Cantor to pay $5.5 million to settle illegal sports-betting complaint

A view of Tropicana’s sports book, May 24, 2011. It is operated by CG Technology, formerly known as Cantor Gaming.

The sports book management company accused of lax supervision of its employees in connection with an illegal bookmaking operation would be fined a record $5.5 million under a proposed settlement with the state.

State Gaming Control Board Chairman A.G. Burnett today confirmed the amount of the proposed fine against CG Technology, formerly known as Cantor Gaming. The board’s 18-count complaint outlining the charges against CG Technology was made public last week and will be considered by the Nevada Gaming Commission at its Jan. 23 meeting.

“I think the level of this fine sends a strong message to the industry that we take allegations of this kind very seriously,” Burnett said today.

If approved, the fine would be the highest ever levied by Nevada gaming regulators against a licensee. The board could have recommended revoking or suspending the company’s license.

In the complaint made public Jan. 6, regulators said CG Technology failed to prevent Michael Colbert from operating an illegal sports wagering ring that made an estimated $34 million in bets. Colbert, formerly director of risk management and vice president of what was then Cantor Gaming in Las Vegas, worked with three men who worked as messengers to place wagers for Gadoon Kyrollos, a high-level sports bettor.

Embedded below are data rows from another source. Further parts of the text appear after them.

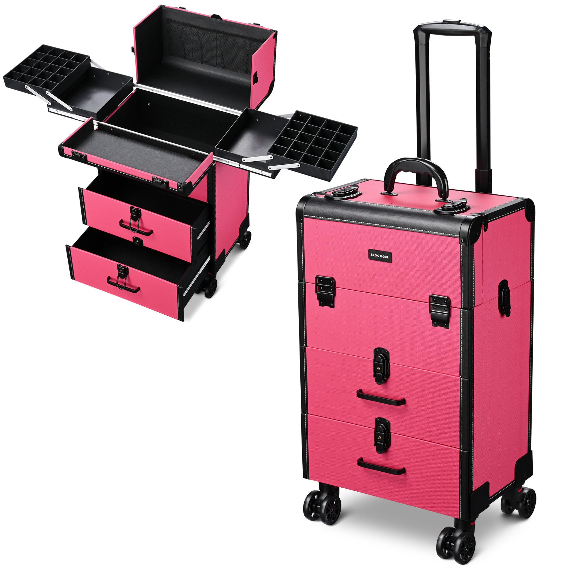 - Eye-catching Design - 15"x12"x26" Byootique Stylish Rolling Makeup Train Case comes in bright pink with matte finish and black edges for delivering an eye-catching look, enabling you to show your unique fashion taste wherever you go; Its compact size allows for easy storing and portability, ideal for professional makeup artists, manicurists, freelance beauticians, beauty bloggers, etc.
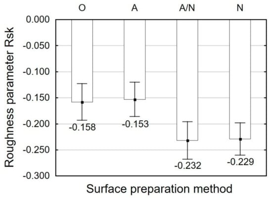 Figure 7. Surface preparation method versus profile roughness asymmetry Rsk.
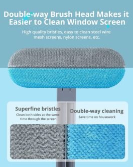 The window screen cleaning brush’s bristles made of neutral fiber material are soft, dense, Wet and dry dual purpose.It can be used dry for light dusting and maintenance cleaning, or you can get it wet and add some cleaning agents to increase your power.When wet with water, its cleaning ability will be stronger and faster, the longer fibers will even dig down to clean inside the holes.
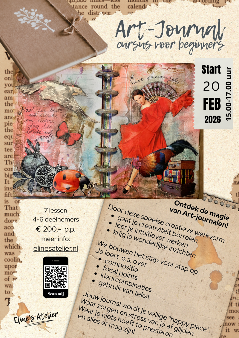 Deze beginnerscursus bouwt het art-journalen stap voor stap op. We starten met de meest eenvoudige materialen en elke les komt er een techniek bij. Je leert iets over kleurcombinaties, compositie en focal points. Je ontdekt zo vanzelf wat bij jou past.

Colbert pleaded guilty to one felony count of conspiracy for his role in the betting ring in a New York federal court last year. He’s awaiting sentencing. One of the messenger bettors, Paul Sexton, pleaded guilty to fourth-degree money-laundering and forfeited $600,000, according to the state’s complaint.

The proposed settlement says CG Technology admitted guilt in 14 counts of the complaint and concurred that the board could prove one count directly relating to Colbert’s oversight of the illegal operation. The company did not admit or deny allegations in three other counts.

Prior to the fine announced today, the largest ever doled out by Nevada gaming regulators was $5 million in 2003 against MGM Mirage, now known as MGM Resorts International.

The company was fined for failing to file 15,000 currency transaction reports to the state. At the time, the Control Board said there was never any money laundering or theft of funds in the case involving Christopher Morishita, who supervised the company’s reporting responsibilities, but regulators said the incident compromised the integrity of the state’s gaming control system and reflected poorly on Nevada’s casino industry.

CG Technology operates race and sports books at the M, Hard Rock, Tropicana, Cosmopolitan, Venetian, Palms and the Silverton, provides information as Las Vegas Sports Consultants and holds gaming equipment manufacturing and distribution, mobile gaming and slot route licenses.